Trump’s uphill battle to rewrite birthright citizenship
The United States is among a limited group of countries that grant automatic citizenship to individuals born on its soil — a policy rooted in the Fourteenth Amendment, ratified in 1868. This constitutional guarantee, known as jus soli or “right of the soil,” provides citizenship to “all persons born or naturalized in the United States, and subject to the jurisdiction thereof.” While widely accepted for over 150 years, this principle has come under increasing political scrutiny, especially from critics who argue it incentivizes unauthorized immigration.
Efforts to challenge birthright citizenship intensified under former President Donald Trump. As an article by the Council on Foreign Relations recalls, Trump signed an executive order on his first day of his second term seeking to reinterpret the Citizenship Clause of the Fourteenth Amendment, aiming to exclude children born to undocumented immigrants or those with only temporary legal status. That move has sparked a significant legal battle, with the Supreme Court scheduled to hear oral arguments on May 15, 2025, in a consolidated case that could affect the citizenship rights of millions.
There are few exceptions to the birthright rule: children born to foreign diplomats and those born in American Samoa, who are classified as US nationals rather than citizens. The broader framework of US citizenship law also includes jus sanguinis — or “right of blood” — which confers citizenship to children born abroad to American parents.
The origins of birthright citizenship are deeply tied to the country’s post-Civil War efforts to ensure equal rights. The Fourteenth Amendment was designed in part to overturn the 1857 Dred Scott v. Sandford decision, which held that Black individuals, whether enslaved or free, were not US citizens. In 1898, the Supreme Court reinforced the principle of birthright citizenship in United States v. Wong Kim Ark, ruling that children born on US soil to non-citizen parents were entitled to citizenship. The Indian Citizenship Act of 1924 later extended this right to all Native Americans.
The naturalization process, by contrast, is a separate pathway through which noncitizens can apply for citizenship after meeting criteria such as residency, language proficiency, and knowledge of US history and government.
In recent decades, opposition to birthright citizenship has grown, particularly among conservative political groups. Critics claim that the phrase “subject to the jurisdiction thereof” in the Fourteenth Amendment has been misinterpreted and that it was never meant to apply to children born to undocumented immigrants or temporary residents. Some also argue that the policy encourages "birth tourism," where foreign nationals travel to the US to give birth, thereby securing citizenship for their child.
In response to such concerns, the US State Department in 2020 revised regulations related to tourist visas in an effort to curb birth tourism. That year, the Center for Immigration Studies estimated that approximately 33,000 births annually were tied to women traveling to the US on tourist visas specifically to give birth.

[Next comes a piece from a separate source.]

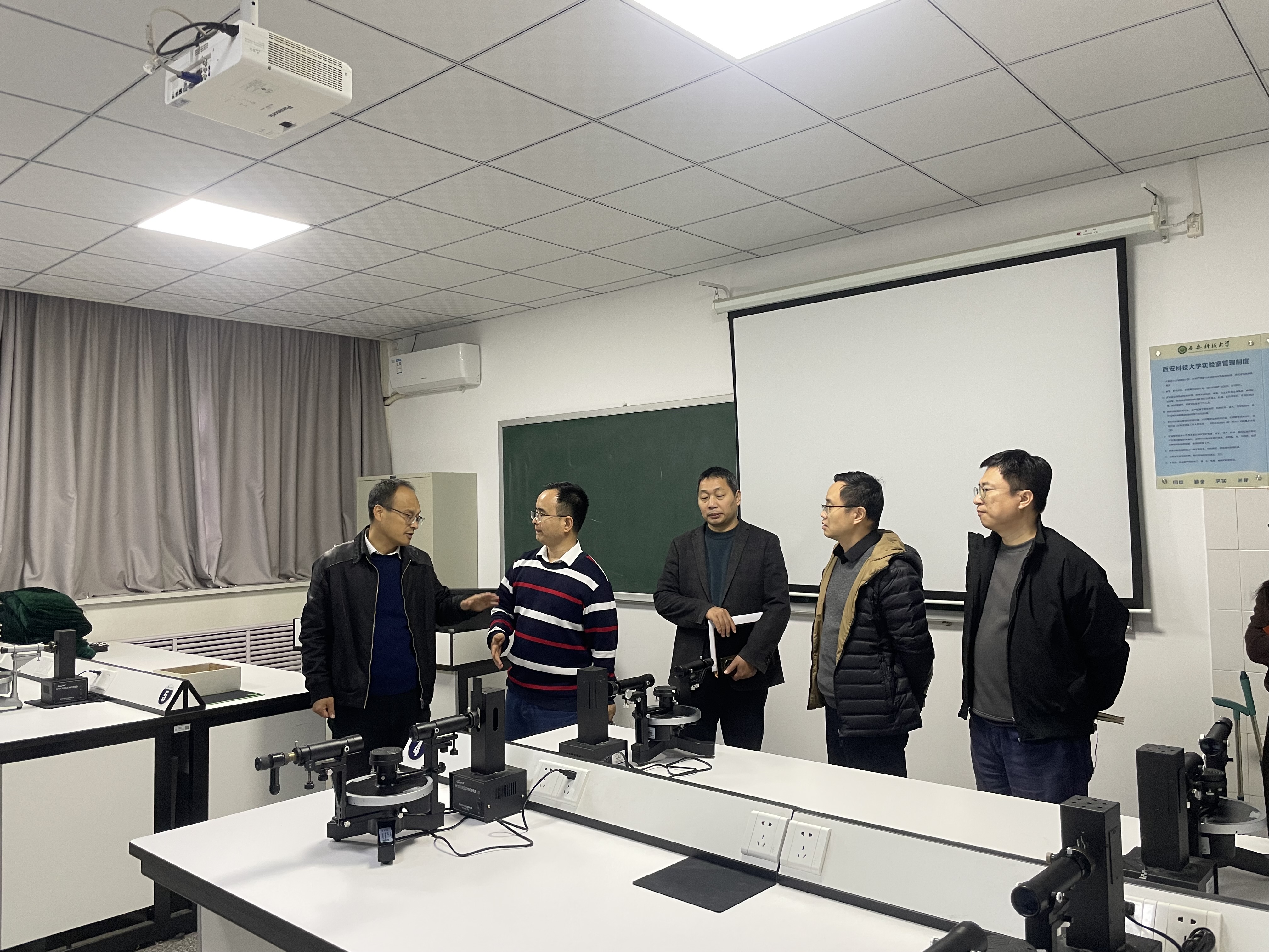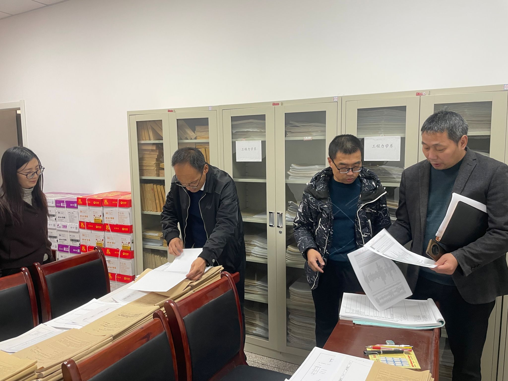 各系主任和实验室负责人汇报了审核评估整改成果资料准备进展情况。学院院长张仲华在听取了各系和实验室负责人汇报后表示:要重点展示学院在人才培养、课程思政建设等方面的特色做法,结合学院实际,做好典型案例的总结和提升,形成特色鲜明、数据翔实、案例生动的材料。学院党委书记杨勇表示:全体人员要进一步提高政治站位,强化责任担当,将整改工作与日常业务深度融合,将日常教学和实验室紧密结合。要坚持问题导向,做好日常试卷、毕业论文等归档资料整理。要深挖问题根源,精准施策,注重整改实效。要敢于亮剑,着力构建长效机制,将整改措施规范化,形成可持续的工作机制。会后学院班子成员、各系主任和实验室负责人共同检查了实验室、试卷资料室、研究生自习室,学院领导对部分场所环境卫生、门牌标语修复、试卷存放标准进行了要求,明确了任务,为扎实推进审核评估整改工作奠定了坚实基础。

Public opinion on the issue remains divided. According to a January 2025 poll conducted by the Associated Press-NORC Center for Public Affairs Research, 51% of Americans said they “somewhat or strongly oppose” changing the Constitution to end automatic citizenship for children of undocumented immigrants. Meanwhile, 28% expressed support for such a change.
On a global scale, the United States is one of just thirty-eight countries that still uphold jus soli citizenship. Most of these nations are in the Americas, including Canada, Brazil, and Mexico. By contrast, many countries in Europe, Asia, and Africa primarily use jus sanguinis as the foundation for determining citizenship. For example, Ireland allows individuals to claim citizenship through direct descent even if their parents were not born in the country.
Despite Trump’s executive actions, it is important to note that the president does not have the authority to unilaterally revoke birthright citizenship. Repealing or amending a constitutional provision like the Fourteenth Amendment would require a formal constitutional amendment process. This involves the approval of two-thirds of both the House and the Senate, followed by ratification from at least thirty-eight of the fifty US states — a daunting and historically rare process. The most recent amendment to the Constitution, the Twenty-Seventh, was ratified in 1992, more than two centuries after it was initially proposed.
While Trump’s challenge to birthright citizenship has elevated the debate to the nation’s highest court, changing the legal foundation of US citizenship would require a sweeping political and constitutional shift. The outcome of the pending Supreme Court case could redefine the rights of millions, but any permanent change would need far broader political consensus.